Generally, the data mining process does not require that the mining process start from a particular position in the sequences. Since we do wish to attempt to get more precise results, we make a decision about where to start the mining process. In this paper, our goal is to provide an efficient process to get correct results and reduce unnecessary cost. As a result, traditional biological experiments can be reduced or replaced by examining the mined results.

We assume that we can get the same results with the natural process after confirming the specific properties. For example, the hydrophilicity of each amino acid besides the RGD is the basic condition we are concerned about. We can use our algorithm to discover rules with sensible patterns but without using the hydrophilicity. In so doing, we can propose a process to help biologists discover new tectonics more quickly and cheaply.
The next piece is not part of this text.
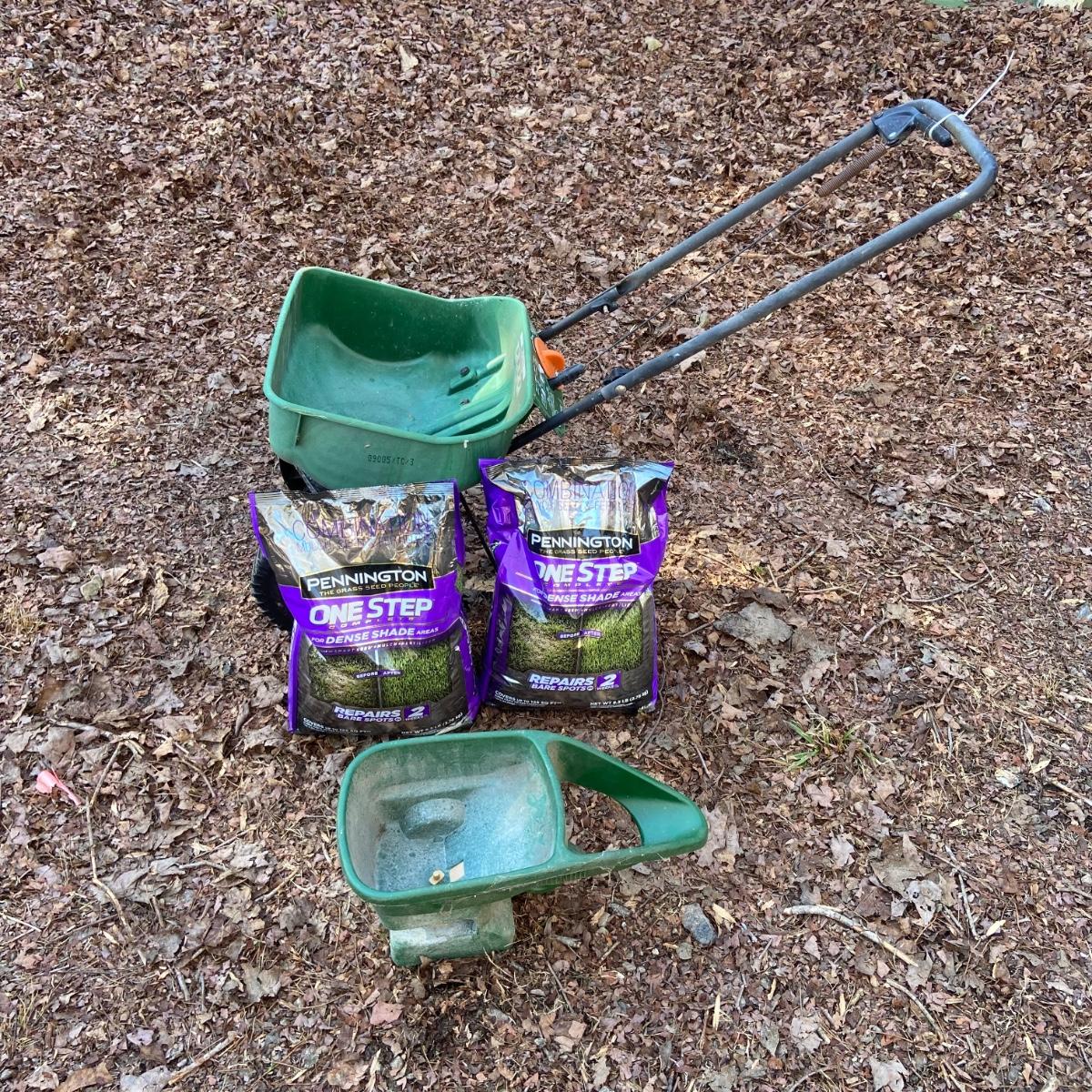 In this lot we have both a Scotts handheld spreader and Scott’s Turf Builder edge guard as well as two bags of grass seed. The handheld spreader measures 8” x 17” x 8.5”H. The turf builder measures 15.5” x 37” x 28”H (at highest point). The two bags of grass seed are both 8.3lb Pennington “one step complete”. Local pick up only.

The rest of the paper is structured as follows. Section 2 briefly describes related work of data mining. In Section 3 and Section 4, we present the proposed algorithm in detail and the experimental results. Finally in Section 5, conclusions and future work are presented.

2 Related Work

In this section, we present two related tasks. There are two programs presented and we do this project with reference to these. Then, we describe the process we have done in detail.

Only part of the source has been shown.